▶ [Data to process]
*** Block opens ***
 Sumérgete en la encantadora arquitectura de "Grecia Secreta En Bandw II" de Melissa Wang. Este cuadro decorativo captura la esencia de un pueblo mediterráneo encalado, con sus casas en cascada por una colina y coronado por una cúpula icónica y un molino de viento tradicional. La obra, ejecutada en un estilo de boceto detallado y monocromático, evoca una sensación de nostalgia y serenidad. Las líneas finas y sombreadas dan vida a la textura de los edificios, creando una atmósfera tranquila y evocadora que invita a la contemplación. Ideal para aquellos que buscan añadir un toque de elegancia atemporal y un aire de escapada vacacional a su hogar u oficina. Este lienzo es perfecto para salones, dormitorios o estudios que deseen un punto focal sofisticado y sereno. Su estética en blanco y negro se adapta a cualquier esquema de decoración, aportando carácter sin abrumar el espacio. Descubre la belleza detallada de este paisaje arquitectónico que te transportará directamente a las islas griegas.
*** Block closes ***
*** Block opens ***
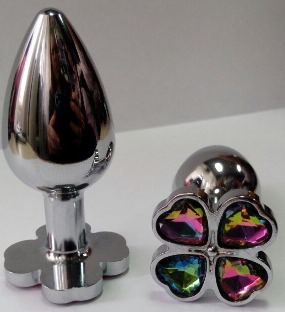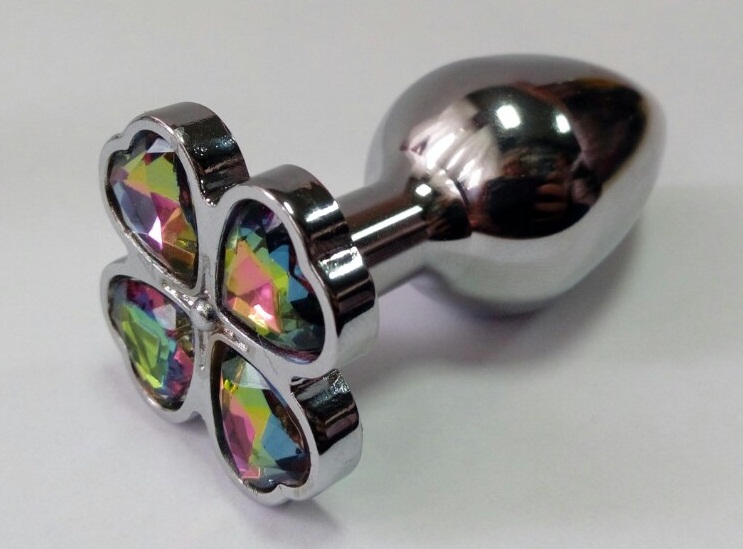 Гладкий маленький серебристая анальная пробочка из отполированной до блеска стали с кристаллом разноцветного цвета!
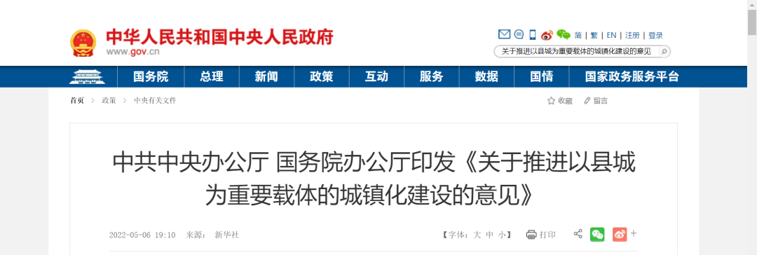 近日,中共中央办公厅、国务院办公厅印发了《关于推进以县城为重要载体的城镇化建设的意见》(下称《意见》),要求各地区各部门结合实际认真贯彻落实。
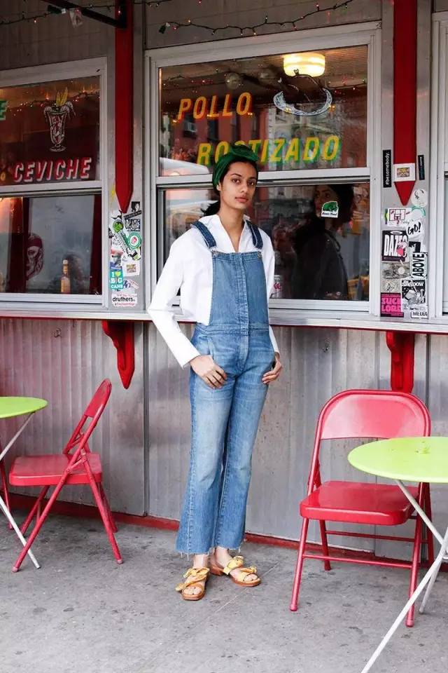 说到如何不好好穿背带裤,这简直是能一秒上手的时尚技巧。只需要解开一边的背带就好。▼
*** Block closes ***
*** Block opens ***
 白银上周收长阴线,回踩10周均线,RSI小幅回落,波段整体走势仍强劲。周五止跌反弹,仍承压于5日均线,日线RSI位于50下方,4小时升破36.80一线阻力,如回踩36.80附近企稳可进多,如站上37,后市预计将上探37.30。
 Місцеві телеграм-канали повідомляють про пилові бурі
*** Block closes ***
▶ [Task instructions] A word-for-word copy of the lines above from the one with "白银上周收长阴线,回踩10周" through the one with "Місцеві телеграм-канали повідомляють", inclusive, is the only output wanted.

▶ [Reply]
 白银上周收长阴线,回踩10周均线,RSI小幅回落,波段整体走势仍强劲。周五止跌反弹,仍承压于5日均线,日线RSI位于50下方,4小时升破36.80一线阻力,如回踩36.80附近企稳可进多,如站上37,后市预计将上探37.30。
 Місцеві телеграм-канали повідомляють про пилові бурі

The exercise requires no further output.